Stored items
*****

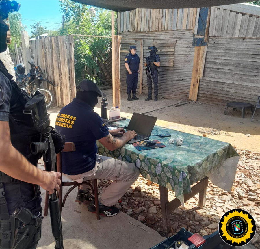 La medida fue solicitada por el fiscal Dr. Fabio Zabaleta y autorizada por el Juzgado de Garantías N° 4, a cargo de la Dra. María Gabriela Zeró. En el lugar trabajó el personal de la División de Drogas Peligrosas con el apoyo del Grupo Especial de la Jefatura Departamental Concordia.
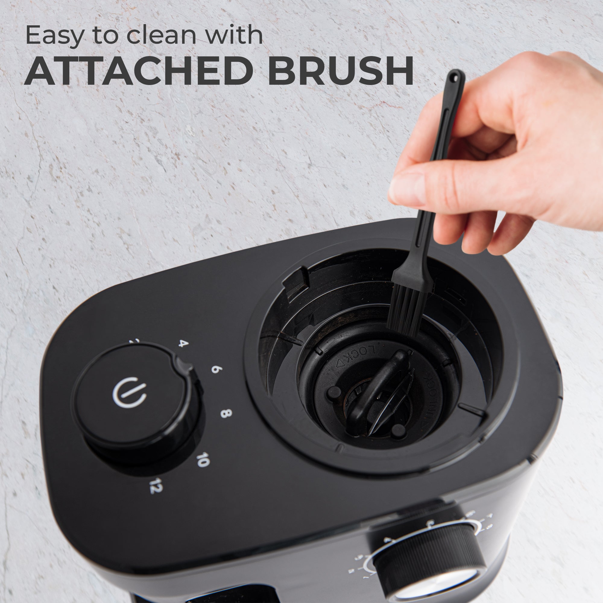 • DESIGNED FOR EASY CLEANING. Includes a cleaning brush for hassle-free maintenance. The non-slip base keeps the grinder stable during use.
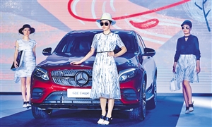3月18日晚,一场汽车与服装结合的品牌秀在欢乐海岸上演。图为模特在展示艺之卉服装。 深圳商报记者 钟华登 摄
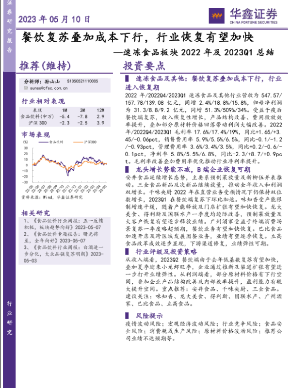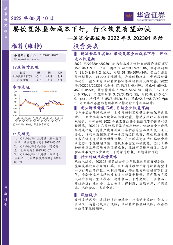 【华鑫证券】【20230510】速冻食品板块2022年及2023Q1总结:餐饮复苏叠加成本下行,行业恢复有望加快-19页
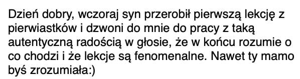 Po PIERWSZEJ lekcji był tak podekscytowany, że zadzwonił do mamy do
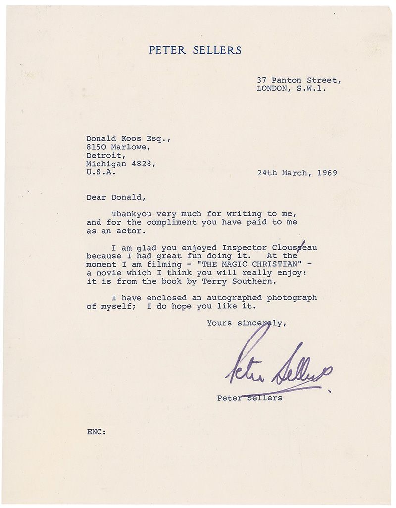 TLS, one page, 8 x 10, personal letterhead on onionskin paper, March 24, 1969. Sellers writes to Donald Koos, in full: “Thank you very much for writing to me, and for the compliment you have paid to me as an actor. I am glad you enjoyed Inspector Clouseau because I had great fun doing it. At the moment I am filming—’The Magic Christian’—a movie which I think you will really enjoy: it is from the book by Terry Southern. I have enclosed an autographed photograph of myself; I do hope you like it.” In fine condition, with intersecting folds, one very lightly passing through the first letter of the last name, a light diagonal crease running from the top left corner to the bottom edge, not affecting the signature, and a horizontal mailing fold passing through the top of the “P” in the signature.
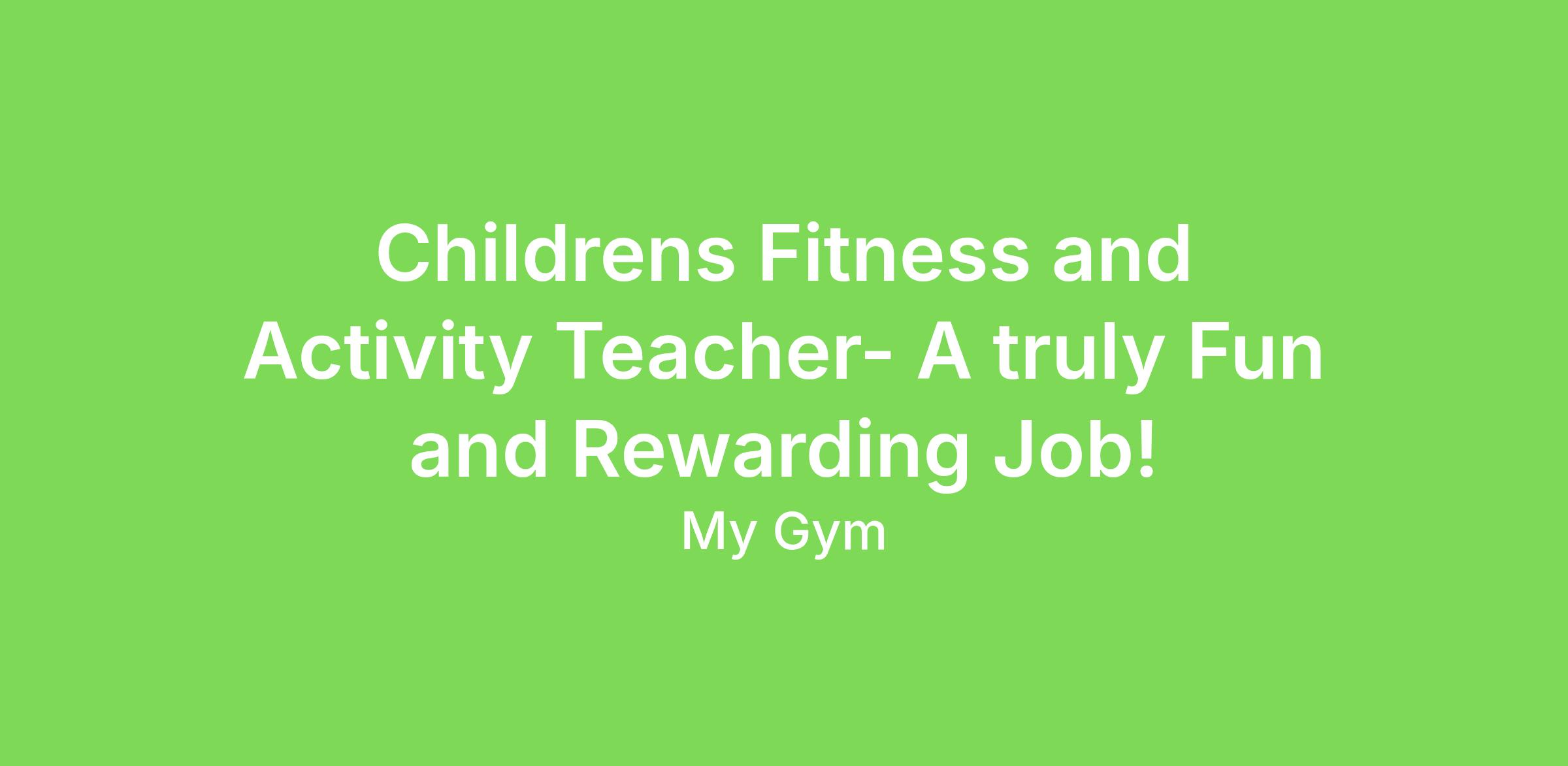 Childrens Fitness and Activity Teacher- A truly Fun and Rewarding Job!

*****

- [DESCRIPTION OF THE TASK]
Exactly as written, print each entry, leaving all pictures out.

- [RESULT BELOW]
 La medida fue solicitada por el fiscal Dr. Fabio Zabaleta y autorizada por el Juzgado de Garantías N° 4, a cargo de la Dra. María Gabriela Zeró. En el lugar trabajó el personal de la División de Drogas Peligrosas con el apoyo del Grupo Especial de la Jefatura Departamental Concordia.
 • DESIGNED FOR EASY CLEANING. Includes a cleaning brush for hassle-free maintenance. The non-slip base keeps the grinder stable during use.
3月18日晚,一场汽车与服装结合的品牌秀在欢乐海岸上演。图为模特在展示艺之卉服装。 深圳商报记者 钟华登 摄
 【华鑫证券】【20230510】速冻食品板块2022年及2023Q1总结:餐饮复苏叠加成本下行,行业恢复有望加快-19页
 Po PIERWSZEJ lekcji był tak podekscytowany, że zadzwonił do mamy do
 TLS, one page, 8 x 10, personal letterhead on onionskin paper, March 24, 1969. Sellers writes to Donald Koos, in full: “Thank you very much for writing to me, and for the compliment you have paid to me as an actor. I am glad you enjoyed Inspector Clouseau because I had great fun doing it. At the moment I am filming—’The Magic Christian’—a movie which I think you will really enjoy: it is from the book by Terry Southern. I have enclosed an autographed photograph of myself; I do hope you like it.” In fine condition, with intersecting folds, one very lightly passing through the first letter of the last name, a light diagonal crease running from the top left corner to the bottom edge, not affecting the signature, and a horizontal mailing fold passing through the top of the “P” in the signature.
 Childrens Fitness and Activity Teacher- A truly Fun and Rewarding Job!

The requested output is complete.